Although I give this work 2 stars, it does show some promising elements. The thing that impressed most me was the author's attempt, for at least the first half of the story, to keep the setting alive and vibrant through the use of transitory events and details happening "in the background". This isn't easy to do well, and it shows a dedication to polishing the player experience that is very much to the author's credit.
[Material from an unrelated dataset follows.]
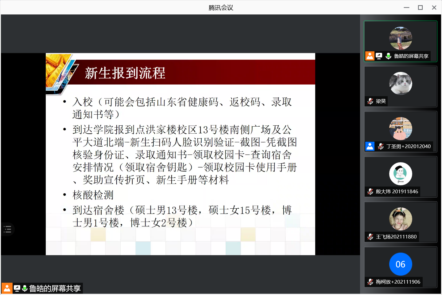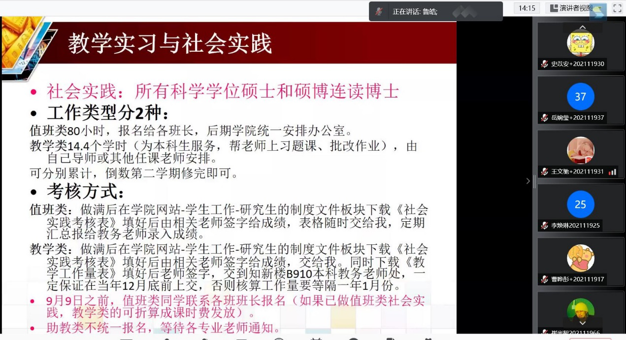 为确保2021级新生顺利入学,申博sunbet统筹疫情防控和迎新工作,于9月4日,组织召开2021级新生入学线上班会。辅导员鲁皓老师、院研究生会主席团成员以及2021级全体新生出席了本次会议。会议就新学期开学有关事宜作出安排部署。
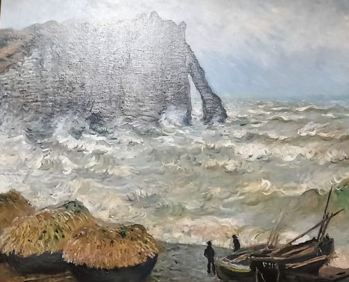 La confrontation entre les photographies et les peintures impressionniste est détonante. La Cathédrale de Rouen de Monet est accrochée au milieu de plusieurs photographies dont une de John Ruskin. Dès le milieu du XIXème siècle, sous l’impulsion de Prosper Mérimée qui a initié l’Inventaire des Monuments Historiques dès 1831, les photographes ont pris pour sujet les monuments. Il est possible que des peintres se soient inspirés de ces photographies. Jongkind a peint un tableau correspondant parfaitement à la photographie exposée à côté. Parmi les nombreuses photos sont exposés les tableaux de Boudin, Monet et Courbet qui répondent aux images des mêmes sites. Cette confrontation est passionnante.

However, this level of polish is not consistent, and it is most noticeably absent in some key scenes(Spoiler - click to show): as an example, the encounter with "The Demon" that opens the final act. Here, the challenge is not pulling the player's attention to the background to give the illusion of a broader world, but focusing the player's attention on the foreground and (ostensibly, at least) forcing a plot-critical choice. It's quite odd that the player can dither about for as many turns as he or she likes while the antagonist waits patiently for a keyword.
Coding quality was, in general, good enough, though there is definitely room for improvement in those cases where the author feels compelled to clumsily spell out the correct grammar to achieve certain actions. The only thing that looked like a true bug to me ended up helping instead of hurting(Spoiler - click to show), when 'x parchments' was interpreted as referring to an object named parchment due to Inform's word length limit.
This game would benefit significantly from additional attention to proofreading and editing. It is rife with errors in spelling, punctuation, capitalization, and other aspects of grammar, and it suffers from an irritating tendency to repeat the same adjective, phrasing, or information multiple times in quick succession. In some cases this is probably not desired by the author (as when an object is mentioned both in the location's description text and via default room description rules(Spoiler - click to show), e.g. the clock in the abandoned station), but in other cases it appears to be the result of simply not re-reading what was written(Spoiler - click to show) (e.g., in the opening sequence: "On silver moonlit track it races clear" followed shortly by "The steam engine 'Bluebell,' races fast and clear").
As I've said elsewhere, horror is an exceptionally difficult genre within interactive fiction, and this piece is another example in support of that claim. I would expect most players would find it about as entertaining and diverting as the carnival ride that was its namesake -- amusing enough if you're in the right mood for it. Outside of those rare occasions, its main value is in challenging the aspiring author to ponder how one might improve on the original.
On that note, I point the reader to Michael Coyne's list of First-Timer Foibles as an evaluation guide for this work. I spotted #2, #4, #8, #10(Spoiler - click to show) (most bothersome in situations where multiple locations are used when one would suffice, such as the signal booth area), #12, and #13(Spoiler - click to show) (e.g. the spelled-out instructions for certain actions, the prompt encouragements like 'Tell me what to do.' that aren't set off as being separate from normal story text).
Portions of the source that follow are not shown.